Three STI index components demonstrated remarkable resilience. Yangzijiang Shipbuilding achieved the strongest performance with a 14% total return, followed by Singapore Exchange at 11.2% and UOL Group at 9.3%.
These blue-chip companies outperformed the benchmark index by more than 10 percentage points, highlighting their ability to thrive even during market contractions. The common factor among these outperformers was their release of earnings reports that translated operational success into enhanced shareholder returns.
Singapore Exchange
Singapore's exclusive market operator delivered consistent results that income investors value. For the first half of FY2026 ending June 30, the company reported net revenue of S$695.4 million, representing 7.6% year-on-year growth.
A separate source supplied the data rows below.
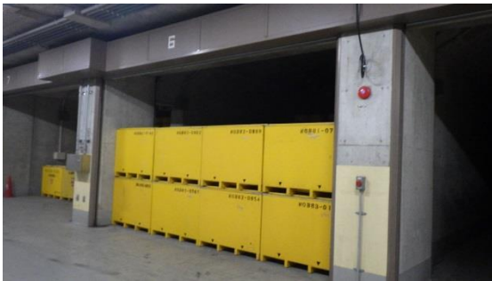
(写真1-2) コンテナによる保管の例 (第7棟の状況)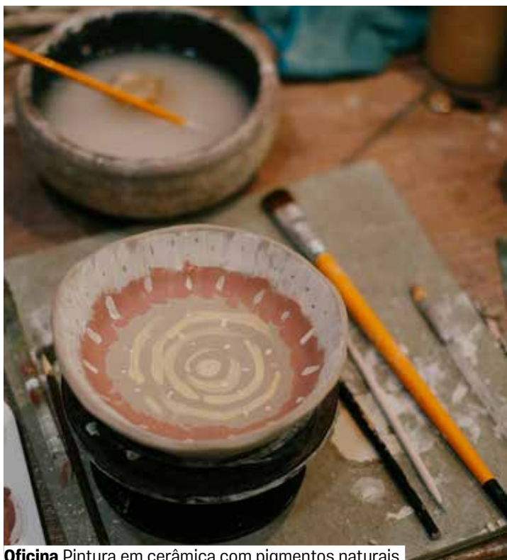
Oficina Pintura em cerâmica com pigmentos naturais

Sala de Oficinas. Vagas limitadas. Grátis. Retirada de senhas 30 minutos antes. De 7 a 12 anos.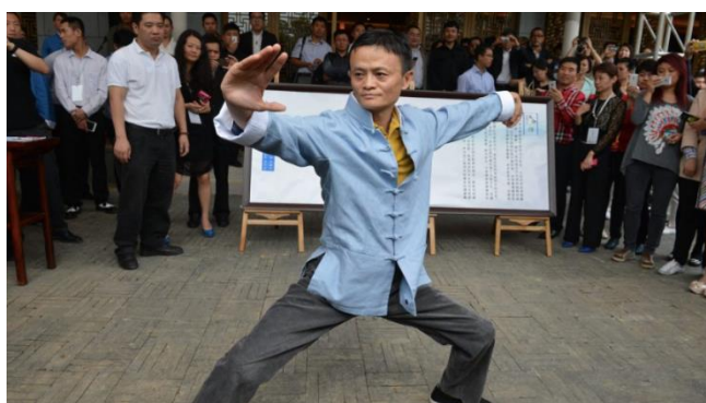
Fig. 8 - Jack Ma che pratica Taiji quan

Secondo Wang Yu e Ren Xiaojin 59 , Jack Ma è la figura più attiva nel professare i benefici del Taiji quan in ambito aziendale. Dopo averlo praticato per più di tre decenni, Ma lo ha reso parte integrante della cultura organizzativa di Alibaba. Le persone che vengono assunte nella sua azienda devono partecipare a dei laboratori di Taiji quan come parte del loro percorso di formazione. Jack Ma ha affermato che la filosofia del bilanciamento delle energie interiori, alla base del Taiji quan , è paragonabile alla gestione di un’azienda. Sostiene anche di aver sviluppato abilità di comando grazie al Taoismo, capacità amministrative dal Confucianesimo e l’ispirazione per vivere una vita normale, priva di fronzoli, dal Buddismo. Citando le sue parole: “Il Taiji quan è ciò che combina tutte queste componenti insieme 60 ”.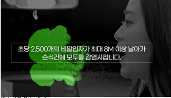
마스크를 벗는 순간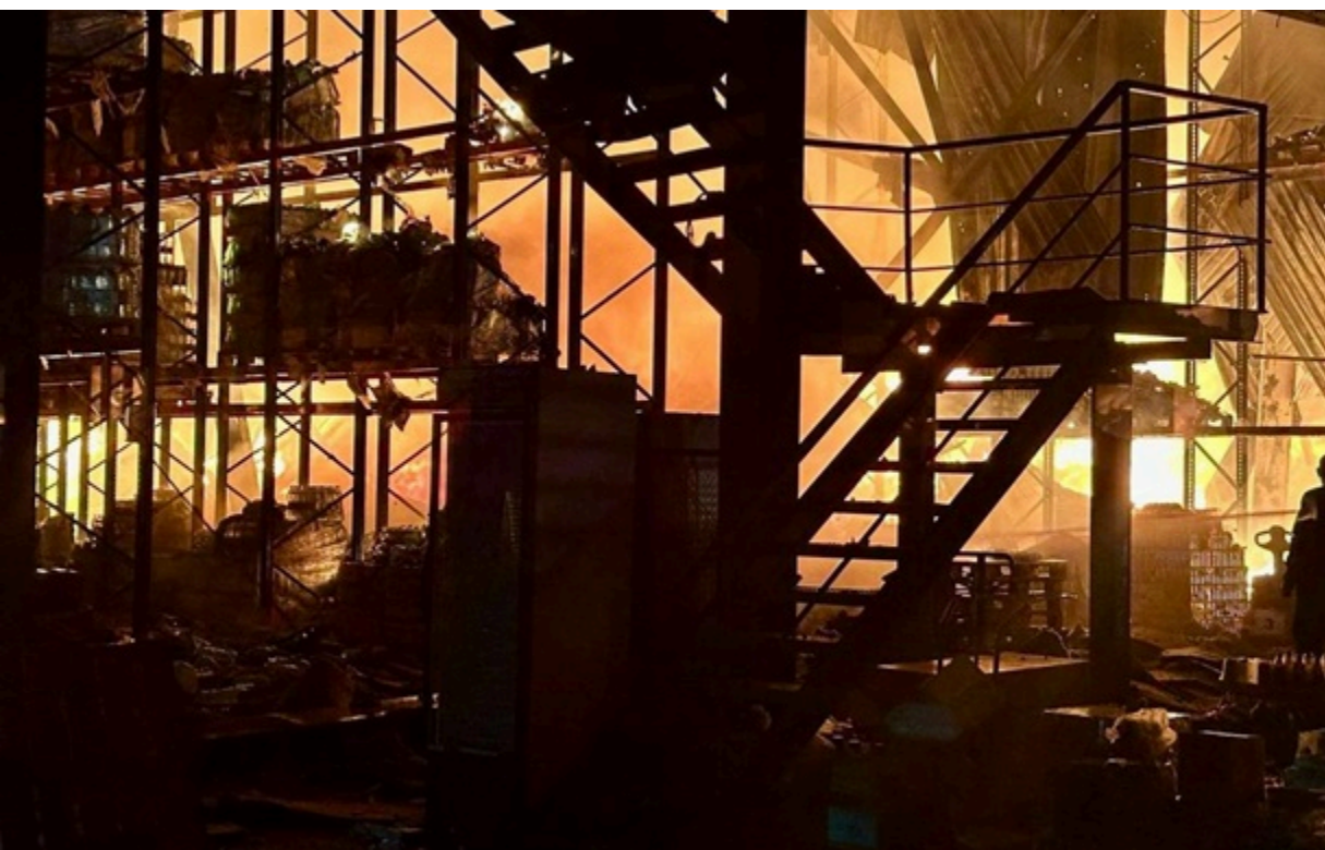
Внаслідок обстрілу пошкоджені склади з продуктами харчування в Дніпрі

Кількість поранених зросла до п'яти - всі госпіталізовані; двос з них перебувають у важкому стані.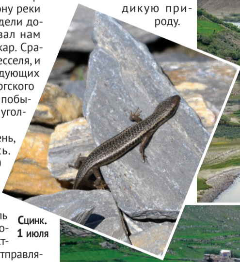
Сцинк, 1 июля

The Equities-Cash division led this expansion with a 16.2% increase to S$223.9 million, driven by a 19.5% rise in daily average traded value. The Fixed Income, Currencies and Commodities segment also contributed significantly, growing 12.5% to S$178.9 million due to increased OTC FX and derivatives volumes.
While reported net profit appeared stagnant at S$342.7 million, this was primarily due to a S$15 million goodwill impairment. Excluding this one-time item, adjusted net profit increased 11.6% to S$357.1 million. Operating cash flow remained strong at S$363.7 million for the half-year period.
The company declared an interim quarterly dividend of S$0.110, bringing total first-half dividends to S$0.2175, up from S$0.180 previously. Management reaffirmed its commitment to maintaining quarterly dividend increases through FY2028.
UOL Group
UOL Group delivered one of the season's strongest operational performances, with shareholders receiving substantial rewards. FY2025 revenue increased 16% to S$3.2 billion, driven by a 26% surge in property development revenue from projects including Pinetree Hill and Watten House.
Property investment income grew 13% to S$629.3 million, supported by recent acquisitions and improved performance at Singapore Land Tower. Operating profit after tax and minority interests jumped 49% to S$468.7 million, while free cash flow nearly doubled to S$1.2 billion.
The company strengthened its balance sheet with total borrowings declining 11% to S$4.5 billion and net gearing improving to 0.20 times. The board proposed a total dividend of S$0.25 per share, representing a 39% increase from the previous year.
Future growth prospects appear solid with three new landbank sites and upcoming hotel openings scheduled between late 2026 and 2028.
Yangzijiang Shipbuilding
Yangzijiang Shipbuilding led April's performance despite delivering fewer vessels than the previous year. FY2025 revenue increased 7% to RMB 28.5 billion, with gross margins expanding from 29% to 34%.
Gross profit surged 28% to RMB 9.8 billion, while profit attributable to equity holders rose 30% to RMB 8.6 billion. These record results were supported by improved pricing, lower steel costs, and increased contributions from joint ventures.
The company proposed a final dividend of S$0.20 per share, representing a 67% increase from the previous year. The balance sheet remains robust with RMB 20.1 billion in cash against borrowings of RMB 5.5 billion.
While the company maintains a strong order book of US$22.4 billion extending to 2030, investors should note the significant decline in free cash flow and reduced new order wins as the industry shifts away from large containerships.
Substance Over Speculation
These three companies outperformed not due to market speculation but through tangible results. Each provided investors with solid profit growth complemented by meaningful dividend increases, demonstrating the value of fundamental strength over temporary market trends.